Task
Starting at the first line of the data, print each line verbatim up to and including the line bearing "レース S 紺 ネイビー", omitting pictures.

Entries provided Start Marker

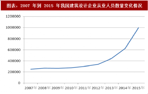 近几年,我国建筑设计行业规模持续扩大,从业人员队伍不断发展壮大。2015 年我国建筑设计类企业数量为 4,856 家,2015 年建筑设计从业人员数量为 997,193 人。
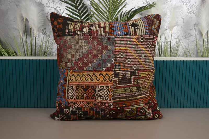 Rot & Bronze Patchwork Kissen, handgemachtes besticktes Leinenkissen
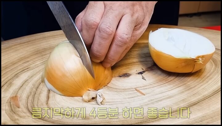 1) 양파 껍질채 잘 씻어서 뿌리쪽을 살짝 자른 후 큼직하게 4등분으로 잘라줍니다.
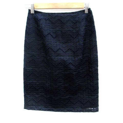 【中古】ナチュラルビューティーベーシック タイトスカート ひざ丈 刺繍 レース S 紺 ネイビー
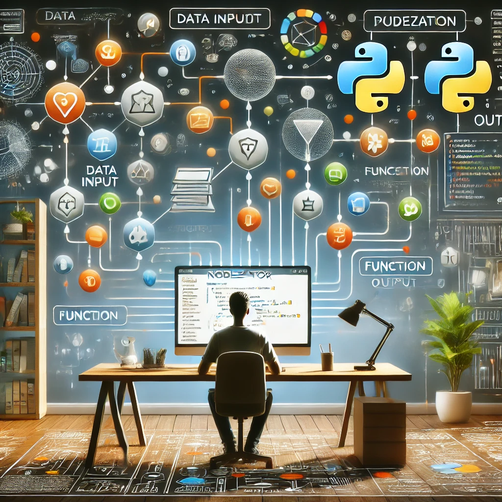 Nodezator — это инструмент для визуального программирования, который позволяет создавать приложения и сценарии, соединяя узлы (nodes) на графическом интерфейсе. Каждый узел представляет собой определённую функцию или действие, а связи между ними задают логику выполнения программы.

Entries provided End Marker

Task answer
 近几年,我国建筑设计行业规模持续扩大,从业人员队伍不断发展壮大。2015 年我国建筑设计类企业数量为 4,856 家,2015 年建筑设计从业人员数量为 997,193 人。
 Rot & Bronze Patchwork Kissen, handgemachtes besticktes Leinenkissen
 1) 양파 껍질채 잘 씻어서 뿌리쪽을 살짝 자른 후 큼직하게 4등분으로 잘라줍니다.
 【中古】ナチュラルビューティーベーシック タイトスカート ひざ丈 刺繍 レース S 紺 ネイビー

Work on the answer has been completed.